Мысли о жизни. Письма о добром. Статьи, заметки - Дмитрий Сергеевич Лихачев
Шрифт:
Интервал:
Закладка:
На рынке мы меняли усиленно вещи: самовар за 100 грамм дуранды, несколько платьев за 200 грамм гороха и т. д. Мы не жалели ничего и этим остались живы.
В январе уехал Юра (мой брат. – Д. Л. Примеч. 1992 г.); стал хворать сердцем мой отец, но мы не могли найти врача. Наконец пригласили жившего неподалеку детского врача за 200 грамм гороха. Он осмотрел, но лекарств мы не достали: аптеки не работали. Я уже ходил с палкой, волоча ноги. На лестнице у нас лежал труп, перед домом – другой. Ночами мы не спали от дистрофии. Все тело ныло, зудело: это организм съедал свои нервы. В комнате в темноте ночью металась мышь: она не находила крошек и умирала с голода. Я ходил в диетстоловую, в которой раз встретил Вашего отца. Там я производил «операцию»: уступал талончик на обед за крупяной талон и этот крупяной талон использовал для обеда на следующий день. Так нам удавалось иногда иметь суп, не затрачивая карточки. Эти часы в столовой были ужасны. Окна были выбиты и заделаны фанерой. В тесноте люди ели, вырывали друг у друга хлеб, карточки, талоны. Раз я тащил в столовую какого-то умирающего по лестнице и очень ослаб после этого. Вообще, стоило сделать лишнее физическое усилие, и заметно слабел; стоило же съесть кусок хлеба, как заметно прибавлялось сил. Было трудно надеть пальто, особенно застегнуть пуговицы: не слушались пальцы – они были «деревянными» и «чужими». Ночью немела и отнималась та сторона тела, на которой спал.
В феврале снабжение несколько улучшилось, забил кое-где на мостовых водопровод. Зина с Тамарой ездили за водой уже не на Неву, а на Пушкарскую улицу. Дети выходили гулять минут на 10 по черному ходу, а не по парадной, где лежали мертвые. Они вели себя героями. Мы ввели порядок: не говорить о еде, и они слушались! За столом они никогда не просили есть, не капризничали, стали до жути взрослыми, малоподвижными, серьезными, жались у буржуйки, грея ручки (нас всех пронизывал какой-то внутренний холод).
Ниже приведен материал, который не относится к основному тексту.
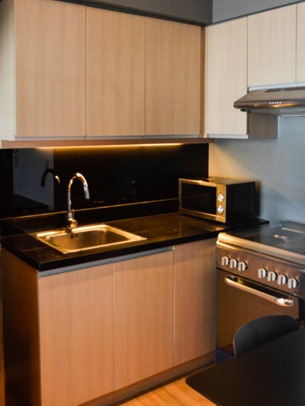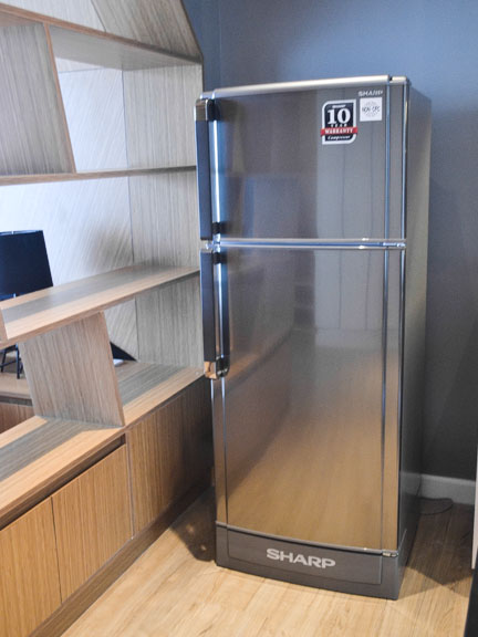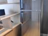 • Corner kitchen, two-door fridge, electric range with hood, and microwave oven

Зима казалась невероятно длинной. Мы загадывали на каждую будущую неделю: проживем или нет! 1 марта в страшных мучениях умер мой отец. Мы не могли его хоронить: завезли его на детских саночках до морга в саду Народного дома и оставили среди трупов. Воспоминание об этой поездке и об этом морге до сих пор разъедает мой мозг. В конце месяца я заходил в институт за карточками. Денег я уже там не получал, так как бухгалтерии не стало (умерли). Здание было до жути пусто, только у титана, греясь, умирал старик-швейцар. Многие потом умирали без вести, уйдя из института и не придя домой. Однажды и я свалился на улице и едва добрел до дому.
В марте я слег в стационар для дистрофиков в Доме ученых. Там давали немного больше еды, но это только увеличивало желание есть. Месяц, который я там провел, я не переставал (день и ночь) думать о еде. Мы спали там не раздеваясь и ели в столовой при температуре –5°. За окном на Неве уже были видны разрывы новых, весенних обстрелов. Таял лед. Оставшиеся в живых ленинградцы начали расчищать улицы, убирая нечистоты, а руки еще не могли держать лопаты. Стали выдавать больше мяса.
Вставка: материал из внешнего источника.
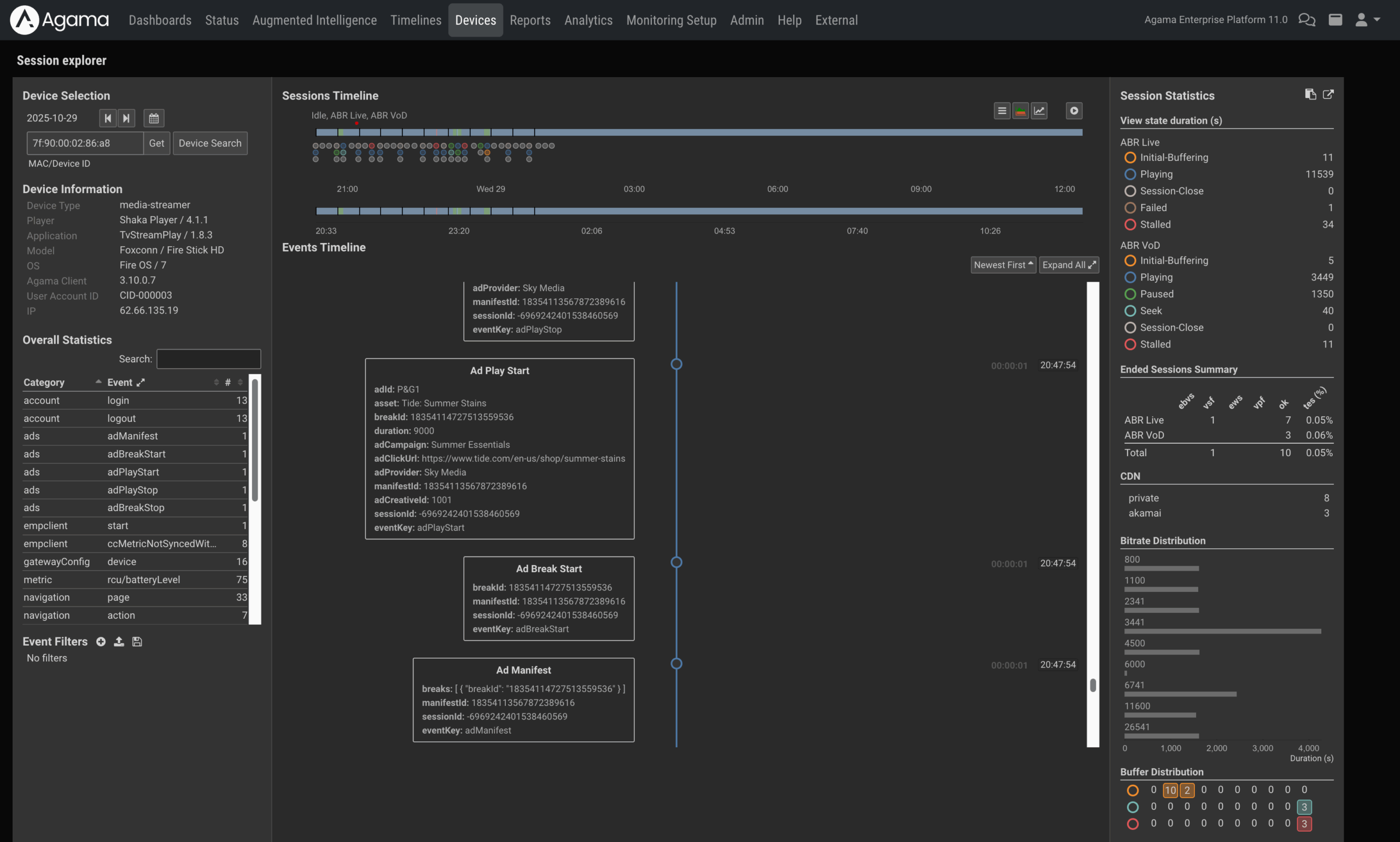 The Session Explorer exposes every ad-related event inside a playback session. It shows transitions into the ad manifest, adBreakStart, adPlayStart, and adBreakStop, together with metadata such as creative ID, campaign, and durations.

В апреле пошел № 12 трамвая, семерка, тройка, а затем и № 36.
Открылись бани. Тут я увидел себя в первый раз и ужаснулся, как и Ваш батюшка, увидев меня.
В мае я уже писал статьи, ходил по столовым, «отоваривая» этим способом карточки, хотя основное делала Зина. Дети немного отошли. Тамара с окопных работ приносила нам лебеду, листья одуванчиков, крапиву.
Так мы прожили зиму, но описать всего нельзя.
Привет Вашим.
Д. Л.
«Проработки»
Задача этой главы моих воспоминаний не восстановить историю «проработок», охватившую три десятилетия, имеющую предысторию и постисторию. Это потребовало бы обращения к документам (может быть, сохранившимся стенограммам и другим материалам), газетам и журналам того времени. В мою задачу не может входить и выяснение смысла «проработок», их идеологической основы: по-моему, в них было много бессмыслицы, вызванной исключительно стремлением партийных организаций показать свою власть, твердость и готовность руководить тем, чего они, по существу, не понимали.
В этой главе я коснусь в основном техники «проработок», их психологического воздействия на «неорганизованную массу» ученых и неученых, учеников и учителей. «Проработки» являлись гласным доносительством, давали свободу озлобленности и зависти. Это был шабаш зла, торжество всяческой гнусности, когда люди (по крайней мере, часть из них) даже стремились прослыть мерзавцами, ища упоения в ужасе, внушаемом ими окружающим. Это было своего рода массовое душевное заболевание, постепенно охватившее всю страну. Люди не стыдились быть стукачами. Даже намекали на свою особую власть.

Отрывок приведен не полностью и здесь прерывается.